In a recent post ( Text-mining at ERBI : Nothing is 100%;) I set a little problem – asking you to make estimates of the number of named chemical entities in a piece of experimental text. At the ERBI meeting estimates ranged between 4 and 11. I got three blog answers from 8 to 15 (though the latter was looking for lexical as well as semantic matches, so really 8 to 11).
The main point is that unless the problem and methodology are clearly defined there is no answer and since I didn’r define the problem I expected a spread. The message is that if you talk about text-mining without defining the methodology then your results are meaningless.
In this exercise we are addressing the need for interannotator agreement (IA). In this a series of domain experts are given precise rules on how to annotate the text (in this case by marking up the named chemical entities). Since I didn’t tell you what a NCE was I again expected a spread.
In the SciBorg project, which includes help from RSC, Nature and IUCr, Peter Corbett, Colin Batchelor (RSC) and Simone Teufel (Computer Lab) have produced a set of rules for identifying chemical entities. Not interpreting them into connerction tables or looking them up but identifying them as chemical entities and giving the start and end of the character string. There are several classes (adjectives, enzymes, etc.) but the passges I gave you contained only nouns relating to “chemicals”, designated by CM. (Language processing folks like abbreviations – so “was” is past tense of “be” so it is BEDZ). Here’s the guide:
Peter Corbett, Colin Batchelor and Simone Teufel Annotation of Chemical Named Entities. BioNLP 2007: Biological, translational, and clinical language processing, Prague, Czech Republic.
This is quite precise about what a CM is. Most of them were “obvious” but the guide makes clear that “reaction mixture” and “yellow oil” are not CMs while “molecular sieve” and “petroleum ether” are. “Petroleum ether:diethyl ether” contains 2 distinct CMs. So the answer is 9 unique CMs of which one (petroleum ether) occurs twice.
The process necessarily involved arbitrary boundaries. Some of you might feel that they should be more or less broad. The authors have had to set them somewhere and that’s what they have done. They have had to write them up very clearly (about 30 pages). We hope you feel this is a useful resource.
So if we are now given the guidelines we should all agree 100% shouldn’t we? Well, Peter and Colin tried it on themselves.

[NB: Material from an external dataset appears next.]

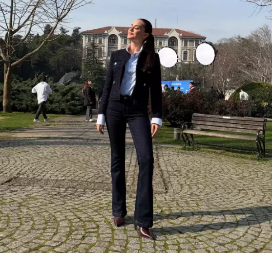 Reklam çəkilişləri üçün Boğaziçi Universitetinin tarixi əsas binası və həyətinə gedən 38 yaşlı aktrisa, çəkiliş arasında universitetin yaşıllıqları içində kamera qarşısına keçib. Tələbəlik illərindən izlər daşıyan məkanda çəkilən fotolarına "Köhnə yuvamda bir set xatirəsi" qeydi yazan Evcen, həm keçmişə olan həsrətini, həm də yeni layihəsini eyni kadrda birləşdirib.

They took 14 papers from all branches of chemistry and annotated these. It takes ca. 2 weeks. They did not get 100% agreement – they got 93%. Even though they had written the guidelines. This disagreement is universal. There is no IA of 100% except in trivial tasks. They involved a third party and the tripartite agreement was about 90%.
So if humans can only agree 90% of the time we can’t expect machines to do better. And they didn’t. OSCAR3 has been trained on a similar corpus with some being used for trainging and some for metrics. Here we text OSCAR3 against the “Gold Standard” – papers marked up (jointly) by the experts as their best estimate of what the guidelines suggest. OSCAR then identifies the character strings which are CMs. The metrics are harsh. If OSCAR gets “ether” instead of “petroleum ether” it gets a negative mark (not even zero).
There are two measures – precision and recall. Each can be improved at the expense of the other. One metric is the geometric mean or F-score. OSCAR gets about 80% (Peter has some novel ways of approaching this using probabilities).
So if you hear someone saying “My technique identifies 90% of chemical compaunds in text” ask them “where is your corpus?”, “what is your interannotator agreement?”, “where are your guidelines?” and “how did you compute your metrics?”.
If they can’t answer all 4, don’t believe a word.